This makes sense to me, and this is a good topic to discuss: which hooks do we
really need. I don't think it necessarily has to replace something, but I
totally agree on the "hard to find a generic solution" part.

> 
> 	2. The set of bpf programs that modify it live in the kernel tree for
> 	   each hook added. Then we can reason about why the hook is there and
> 	   allow others to reap the benefit. Beside being able to re-evaluate
> 	   easily if the users still need that hook after a potential
> 	   improvement that could render it unnecessary.
> 
> 	3. Out of tree bpf programs can only be loaded if special CONFIG option
> 	   is set so that production kernel can only load known ones that the
> 	   community knows and have reasoned about.
> 
> 	4. Out of tree bpf programs will taint the kernel. A regression
> 	   reported with something funny loaded should be flagged as
> 	   potentially bogus.

2-4 look as generic bpf questions to me, I don't think there is anything
scheduler-specific. So I'd suggest to bring bpf maintainers into the discussion,
their input can be very valuable.

> 
> IMHO this should tame the beast to something useful to address these situations
> where the change required to improve one workload will harm others and it's
> hard to come up with a good compromise. Then the hook as you suggest could help
> implement that policy specifically for that platform/workload.
> 
> One can note that the behavior I suggest is similar to how modules work :)

The important benefit of bpf is safety guarantees.

> 
> > 
> > > 
> > > So my worry is that this will open the gate for these hooks to get more than
> > > just micro-optimization done in a platform specific way. And that it will
> > > discourage having the right discussion to fix real problems in the scheduler
> > > because the easy path is to do whatever you want in userspace. I am not sure we
> > > can control how these hooks are used.
> > 
> > I totally understand your worry. I think we need to find a right balance between
> > allowing to implement custom policies and keeping the core functionality
> > working well enough for everybody without a need to tweak anything.
> > 
> > It seems like an alternative to this "let's allow cfs customization via bpf"
> > approach is to completely move the scheduler code into userspace/bpf, something
> > that Google's ghOSt is aiming to do.
> 
> Why not ship a custom kernel instead then?

Shipping a custom kernel (actually any kernel) at this scale isn't easy or fast.
Just for example, imagine a process of rebooting of a 1000000 machines running
1000's different workloads, each with their own redundancy and capacity requirements.

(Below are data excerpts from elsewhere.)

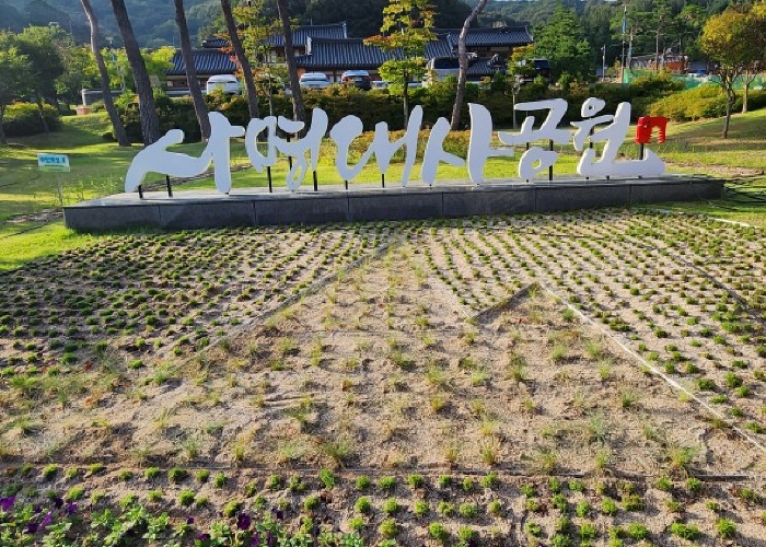 자수화단은 공원 입간판 앞 부지에 조성됐으며, 김천시 로고를 형상화한 디자인으로 꾸며졌다. 특히 붉은색과 분홍색이 어우러진 패랭이는 강렬한 시각적 포인트를 제공해 매년 봄부터 가을까지 대표적인 포토존으로 자리매김할 전망이다.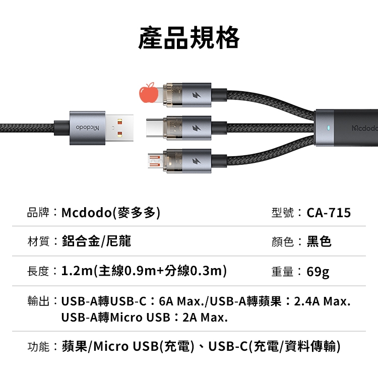 麥多多 水母系列 全能充 一拖三 二拖三 快充線 充電線 支援i16/15 台灣現貨 隔日配 快速出貨 100W 66W一拖三 CA-715,1.2m黑色|二拖三 CA-726,1.2m黑色Cables, Chargers & ConvertersSHOWHAN手機周邊生活用品旗艦店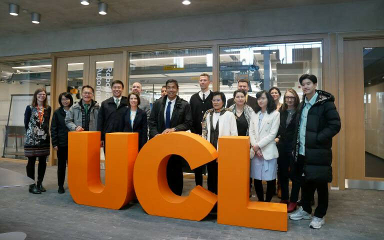 Governor of Bangkok Chadchart Sittipunt led a delegation from Thailand visiting the Urban Room at UCL East - UCL Urban Room, based at the UCL East campus, welcomed the Governor of Bangkok this week to discuss urbanisation and regeneration in global cities. Governor Chadchart Sittipunt, who is also a structural engineer, is keen to adopt policies and innovative approaches from across the world to support Bangkok's development. He led a delegation from Thailand interested in learning more about how UCL East works with communities and partners to tackle local challenges, through the UCL Urban Laboratory and the new Urban Room. The group also saw students being taught on the MASc in Global Urbanism - the first urban Masters degree to radically cut across arts, humanities, social sciences and technology studies - and visited a Connected Environments Lab where students from The Bartlett's Centre for Advanced Spatial Analysis's MSc Connected Environments work on smart cities. Governor Chadchart explained his desire to tackle the challenges Bangkok faces, including pollution, flooding, traffic, poverty, urban planning, a lack of green space and preserving Bangkok's heritage while managing redevelopment. During his UK visit, the Governor was keen to explore digital and other innovative approaches to urban policy and planning, the regeneration of cities, transportation and tackling climate change and its impacts. Joining him was Bangkok Deputy Governor and social entrepreneur Sanon Wangsrangboon, who has a particular interest in social development and education, spearheading the Open Bangkok Data Project to identify accident sites and air quality across the city.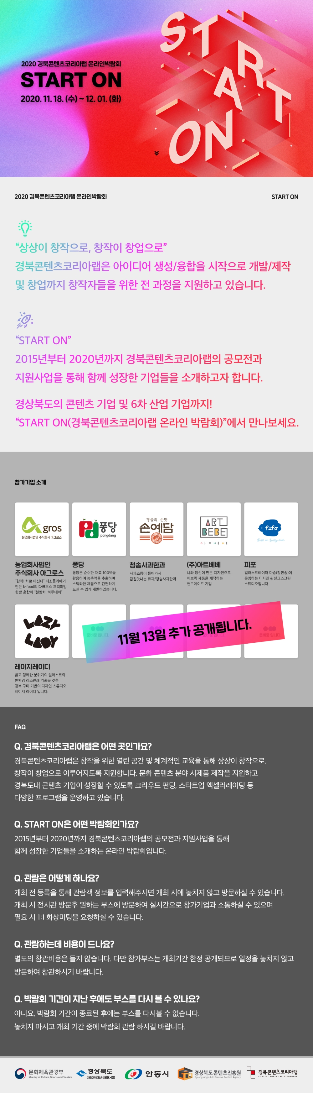 ◇[11월 18일 수요일~12월 1일 화요일] 2020 경북콘텐츠코리아랩 온라인박람회 ‘START ON’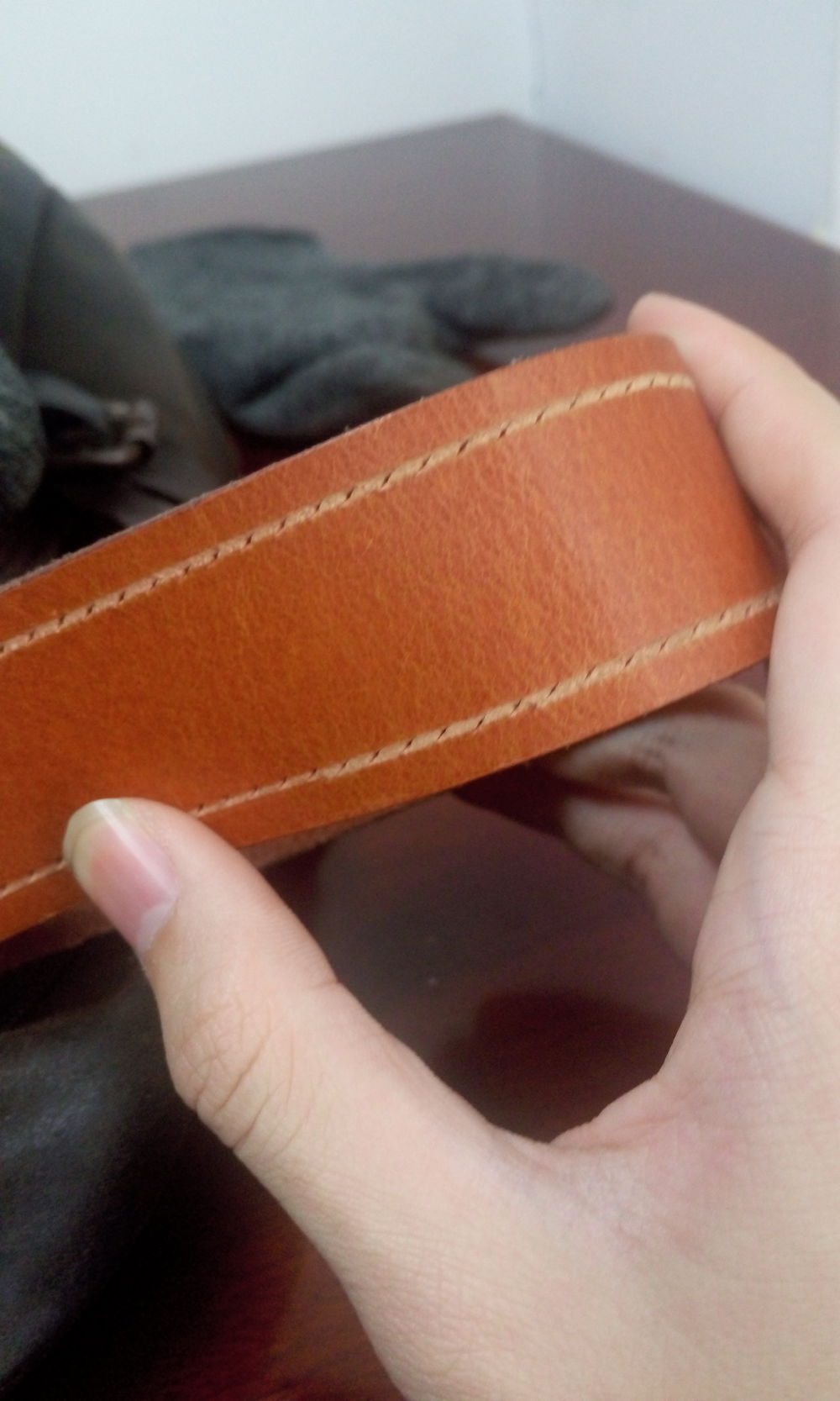 由于新手,没用最简单易操控的植鞣皮,用的原色头层水牛皮,本来想打边线,穿了半个小时,发现穿了更丑,直接拆了。

This what makes an ability to push scheduler changes without a reboot/kernel upgrade
so attractive.

Obviously, it's not a case when we talk about a single kernel engineer and their
laptop/dev server/vm.

> 
> > 
> > > 
> > > The question is: why can't we fix any issues in the scheduler/make it better
> > > and must have these hooks instead?
> > 
> > Of course, if it's possible to implement an idea in a form which is suitable
> > for everybody and upstream it, this is the best outcome. The problem is that
> > not every idea is like that. A bpf program can leverage a priori knowledge
> > of a workload and its needs, something the generic scheduler code lacks
> > by the definition.
> 
> Yep I see your point for certain aspects of the scheduler that are hard to tune
> universally. We just need to be careful not to end up in a wild west or Anything
> Can Happen Thursday situation :-)

Totally agree!

Thanks!